I am testing the R package changepoint
, and the results are strange.
Here is my code:
x = 1:100 x = x + rnorm(100, 0, 10) cpt1 <- cpt.mean(x, test.stat="Normal", method="PELT") x = 1:100/10 x = x + rnorm(100, 0, 1) cpt2 <- cpt.mean(x, test.stat="Normal", method="PELT") par(mfcol=c(2,1)) plot(cpt1) plot(cpt2)
I don't think this makes any sense, because first graph has smaller increasing means. I think there should be fewer change points for the means.
Best Answer
As JeromeLaurent said, I think the problem lies in the range of the data. Specifically, the errors in your first plot are an order of magnitude larger than the second plot. Therefore, the changepoint analysis can more easily mistake the larger random fluctuations/noise as a real change unless you specify the penalty appropriately. The default penalty for cpt.mean is "SIC". (I am uncertain why this penalty is not good in this case.)
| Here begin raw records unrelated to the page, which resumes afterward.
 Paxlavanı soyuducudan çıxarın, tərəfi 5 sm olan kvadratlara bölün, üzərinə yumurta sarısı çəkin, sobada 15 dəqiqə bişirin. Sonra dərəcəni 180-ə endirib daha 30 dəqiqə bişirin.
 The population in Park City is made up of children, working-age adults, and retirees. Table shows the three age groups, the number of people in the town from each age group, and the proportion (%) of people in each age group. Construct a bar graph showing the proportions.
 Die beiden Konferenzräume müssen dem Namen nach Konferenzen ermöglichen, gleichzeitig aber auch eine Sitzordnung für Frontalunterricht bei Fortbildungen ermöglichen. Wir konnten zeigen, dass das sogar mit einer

In the changepoint article (http://www.jstatsoft.org/v58/i03/paper), Killick and Eckley state, "The choice of appropriate penalty is still an open question and typically depends on many factors including the size of the changes and the length of segments, both of which are unknown prior to analysis." They give useful papers such as Birge and Massart 2007 for current research on penalty choice.
Although Killick and Eckley recommend plotting the data and choosing penalty based on what visually appears reasonable, I found other answers: Penalty value in changepoint analysis and Change point analysis to be helpful as they show that you can use elbow-plots to pick an appropriate penalty. According to those answers, you should choose the penalty at the elbow of the plot. This is because at low penalties, you are getting spurious change points that drop off as you increase the penalty.
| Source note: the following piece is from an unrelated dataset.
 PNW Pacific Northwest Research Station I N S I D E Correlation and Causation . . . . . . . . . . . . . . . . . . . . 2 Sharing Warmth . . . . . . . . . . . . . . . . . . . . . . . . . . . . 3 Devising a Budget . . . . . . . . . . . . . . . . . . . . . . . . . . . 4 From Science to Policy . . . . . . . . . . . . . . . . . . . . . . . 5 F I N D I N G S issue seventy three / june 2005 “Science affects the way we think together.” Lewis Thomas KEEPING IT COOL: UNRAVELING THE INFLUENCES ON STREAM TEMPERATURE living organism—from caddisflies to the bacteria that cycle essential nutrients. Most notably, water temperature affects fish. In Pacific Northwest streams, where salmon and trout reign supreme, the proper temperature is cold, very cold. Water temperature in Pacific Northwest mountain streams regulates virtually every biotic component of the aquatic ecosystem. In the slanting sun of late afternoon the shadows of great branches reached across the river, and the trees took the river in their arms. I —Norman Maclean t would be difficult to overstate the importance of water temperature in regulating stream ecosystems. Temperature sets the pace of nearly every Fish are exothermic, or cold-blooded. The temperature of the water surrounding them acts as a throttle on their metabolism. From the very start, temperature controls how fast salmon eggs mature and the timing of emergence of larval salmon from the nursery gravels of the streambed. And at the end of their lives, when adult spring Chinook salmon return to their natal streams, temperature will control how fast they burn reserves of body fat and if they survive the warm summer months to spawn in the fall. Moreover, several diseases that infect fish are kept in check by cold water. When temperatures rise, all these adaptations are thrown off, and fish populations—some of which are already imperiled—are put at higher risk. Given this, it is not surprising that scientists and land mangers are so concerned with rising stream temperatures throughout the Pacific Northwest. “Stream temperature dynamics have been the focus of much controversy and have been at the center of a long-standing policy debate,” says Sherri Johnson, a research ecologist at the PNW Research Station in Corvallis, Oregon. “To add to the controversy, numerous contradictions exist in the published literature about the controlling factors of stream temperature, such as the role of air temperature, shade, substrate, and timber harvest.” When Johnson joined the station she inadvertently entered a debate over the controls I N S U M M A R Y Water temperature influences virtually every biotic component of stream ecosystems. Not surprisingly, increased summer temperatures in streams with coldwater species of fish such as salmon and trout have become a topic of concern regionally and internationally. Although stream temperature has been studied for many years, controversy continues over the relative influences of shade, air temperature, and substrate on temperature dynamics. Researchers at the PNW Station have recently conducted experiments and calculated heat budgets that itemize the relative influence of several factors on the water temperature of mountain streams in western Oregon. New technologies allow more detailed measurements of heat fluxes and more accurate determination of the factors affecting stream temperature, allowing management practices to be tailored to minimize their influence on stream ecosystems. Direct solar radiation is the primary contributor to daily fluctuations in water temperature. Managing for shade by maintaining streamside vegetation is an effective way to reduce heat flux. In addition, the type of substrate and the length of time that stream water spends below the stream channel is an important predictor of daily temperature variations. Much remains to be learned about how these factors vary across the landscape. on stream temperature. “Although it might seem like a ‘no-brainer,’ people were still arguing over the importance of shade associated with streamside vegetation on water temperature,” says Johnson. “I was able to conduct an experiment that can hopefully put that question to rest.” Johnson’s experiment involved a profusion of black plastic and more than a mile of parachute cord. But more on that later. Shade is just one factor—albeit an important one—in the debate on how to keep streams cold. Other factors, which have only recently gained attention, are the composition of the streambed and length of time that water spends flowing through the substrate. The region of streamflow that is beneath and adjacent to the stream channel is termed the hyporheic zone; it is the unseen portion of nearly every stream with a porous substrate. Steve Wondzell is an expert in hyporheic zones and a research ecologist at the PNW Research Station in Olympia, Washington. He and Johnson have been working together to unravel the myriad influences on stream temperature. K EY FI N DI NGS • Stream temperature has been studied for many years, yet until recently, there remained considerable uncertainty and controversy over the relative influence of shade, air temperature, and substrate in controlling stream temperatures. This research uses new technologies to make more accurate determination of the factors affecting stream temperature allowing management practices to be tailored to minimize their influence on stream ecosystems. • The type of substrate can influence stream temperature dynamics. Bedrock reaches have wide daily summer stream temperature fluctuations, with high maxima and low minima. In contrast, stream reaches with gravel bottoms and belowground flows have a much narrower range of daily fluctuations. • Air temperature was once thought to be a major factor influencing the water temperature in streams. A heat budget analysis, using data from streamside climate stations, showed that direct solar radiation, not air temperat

Here is code and the elbow plots to show that you should specify a much higher penalty for the data with higher random noise. Then your changepoint analysis will not give such strange answers.
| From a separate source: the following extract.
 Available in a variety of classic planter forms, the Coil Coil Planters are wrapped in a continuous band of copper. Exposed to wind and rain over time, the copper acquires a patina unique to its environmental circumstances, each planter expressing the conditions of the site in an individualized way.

x1 <- 1:100 x1 <- x1 + rnorm(100, 0, 10) cpt1 <- cpt.mean(x1, test.stat="Normal", method="PELT") x2 <- 1:100/10 x2 <- x2 + rnorm(100, 0, 1) cpt2 <- cpt.mean(x2, test.stat="Normal", method="PELT") cptfn <- function(data, pen) { ans <- cpt.mean(data, test.stat="Normal", method = "PELT", penalty = "Manual", pen.value = pen) length(cpts(ans)) +1 } elbowplot1 <- unlist(lapply(c(1:1000), function(p) cptfn(data = x1, pen = p))) elbowplot2 <- unlist(lapply(c(1:1000), function(p) cptfn(data = x2, pen = p))) par(mfrow=c(3,2)) plot(cpt1) title(main = "Default penalty for x1") plot(cpt2) title(main = "Default penalty for x2") plot(elbowplot1) title(main = "# changepoints for given penalty for x1") plot(elbowplot2) title(main = "# changepoints for given penalty for x2") cpt1penalty <- cpt.mean(x1, test.stat="Normal", method="PELT", penalty = "Manual", pen.value = 400) cpt2penalty <- cpt.mean(x2, test.stat="Normal", method="PELT", penalty = "Manual", pen.value = 10) plot(cpt1penalty) title(main = "Penalty = 400 for x1") plot(cpt2penalty) title(main = "Penalty = 10 for x2")
Just one more thought: it would seem like this type of data is better described by a line, rather than change points?